**Assigned task**
With the images removed, return every line below exactly as it reads.

**Dataset section**

________________

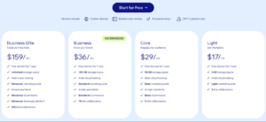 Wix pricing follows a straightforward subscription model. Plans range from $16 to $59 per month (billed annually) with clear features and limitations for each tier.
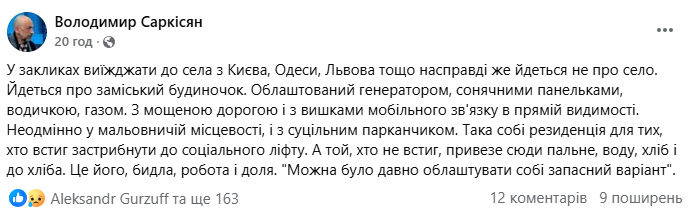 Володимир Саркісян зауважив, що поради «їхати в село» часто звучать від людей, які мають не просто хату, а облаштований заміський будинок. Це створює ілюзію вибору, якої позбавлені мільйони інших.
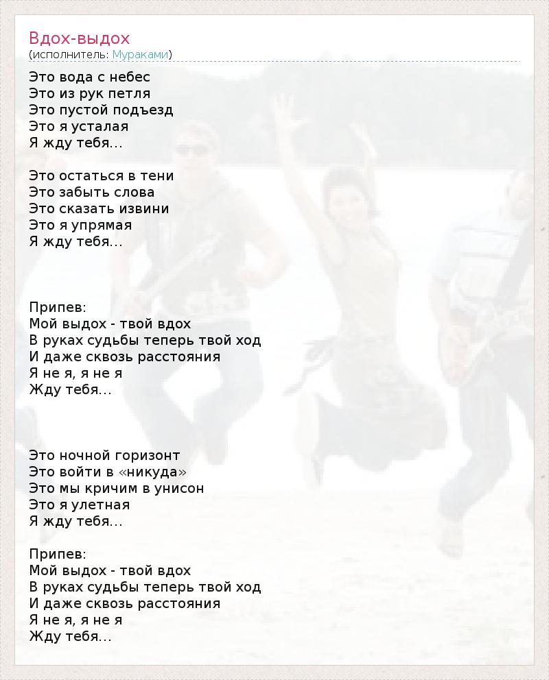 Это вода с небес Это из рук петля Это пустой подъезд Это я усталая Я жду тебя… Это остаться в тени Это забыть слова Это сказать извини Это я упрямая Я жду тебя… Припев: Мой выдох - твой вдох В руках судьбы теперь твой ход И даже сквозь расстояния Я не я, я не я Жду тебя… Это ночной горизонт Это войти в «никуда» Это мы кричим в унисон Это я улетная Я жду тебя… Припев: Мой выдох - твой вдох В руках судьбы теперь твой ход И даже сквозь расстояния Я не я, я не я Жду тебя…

________________

**Exercise solution**
 Wix pricing follows a straightforward subscription model. Plans range from $16 to $59 per month (billed annually) with clear features and limitations for each tier.
 Володимир Саркісян зауважив, що поради «їхати в село» часто звучать від людей, які мають не просто хату, а облаштований заміський будинок. Це створює ілюзію вибору, якої позбавлені мільйони інших.
 Это вода с небес Это из рук петля Это пустой подъезд Это я усталая Я жду тебя… Это остаться в тени Это забыть слова Это сказать извини Это я упрямая Я жду тебя… Припев: Мой выдох - твой вдох В руках судьбы теперь твой ход И даже сквозь расстояния Я не я, я не я Жду тебя… Это ночной горизонт Это войти в «никуда» Это мы кричим в унисон Это я улетная Я жду тебя… Припев: Мой выдох - твой вдох В руках судьбы теперь твой ход И даже сквозь расстояния Я не я, я не я Жду тебя…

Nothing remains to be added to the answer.